Karena itulah al-Quran memberikan panduan untuk merawat nalar sehat yang dibutuhkan di era digital ini.

Pertama, tabayyun sebagai Sikap Kritis Digital. QS. Al-Hujurat:6 menuntut kita untuk menjadi umat yang cerdas, tidak mudah percaya pada satu sumber, apalagi jika penyampainya memiliki riwayat kebohongan atau provokasi. Dalam era algoritma media sosial yang memanjakan emosi dan mempersempit sudut pandang (filter bubble),tabayyunadalah bentuk jihad intelektual.

Kedua, literasi digital sebagai amal jariyah. Literasi digital bukan sekadar kemampuan mengoperasikan gawai, tetapi kemampuan menganalisis informasi, memverifikasi sumber, dan membandingkan perspektif. Mendidik masyarakat agar tidak cepat percaya atau terpancing adalah bagian dari amar ma’ruf nahi munkar di era digital.

Ketiga, kembali ke ulama dan ilmuwan yang kredibel. Dalam Surat An-Nahl : 43 ditegaskan untuk bertanya kepada orang berilmu dan kredibel jika memang tidak mengetahui. Artinya, menempatkan para pakar—baik dalam agama, sosial, politik maupun sains—sebagai sumber utama informasi adalah langkah penting untuk menyelamatkan akal sehat publik. Jangan hanya percaya pada tokoh yang sering tampil di layar, tetapi lihat keilmuannya, integritasnya, dan konsistensinya.

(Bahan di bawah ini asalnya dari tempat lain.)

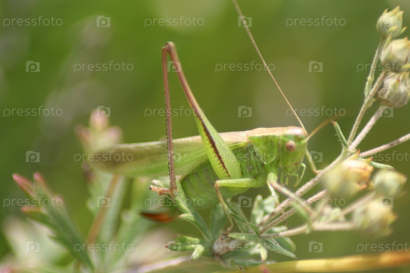 Кузнечик на зеленой ветке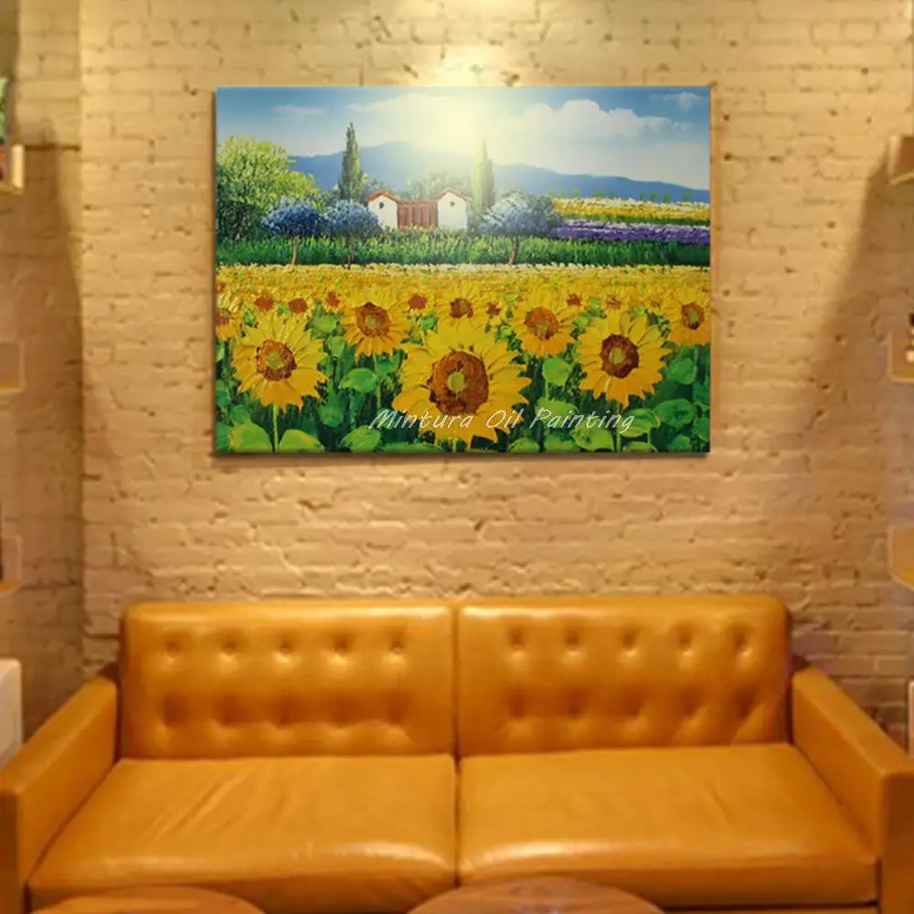 Mintura ручная роспись нож Подсолнух картина маслом на холсте ручной работы пейзаж настенные художественные картины для гостиной украшение дома

Era digital memberikan kita kebebasan luar biasa. Tapi di balik itu, terselip tanggung jawab yang berat. Kita harus memilih untuk menjadi penyebar cahaya atau penyebar bencana. Jangan biarkan dunia maya menjadikan kita umat yang gegabah, penuh prasangka, dan terpecah karena informasi yang menyesatkan. Fasik digital adalah realitas baru yang harus dilawan. Dengan ilmu, dengan akhlak, dan dengan sikap kritis.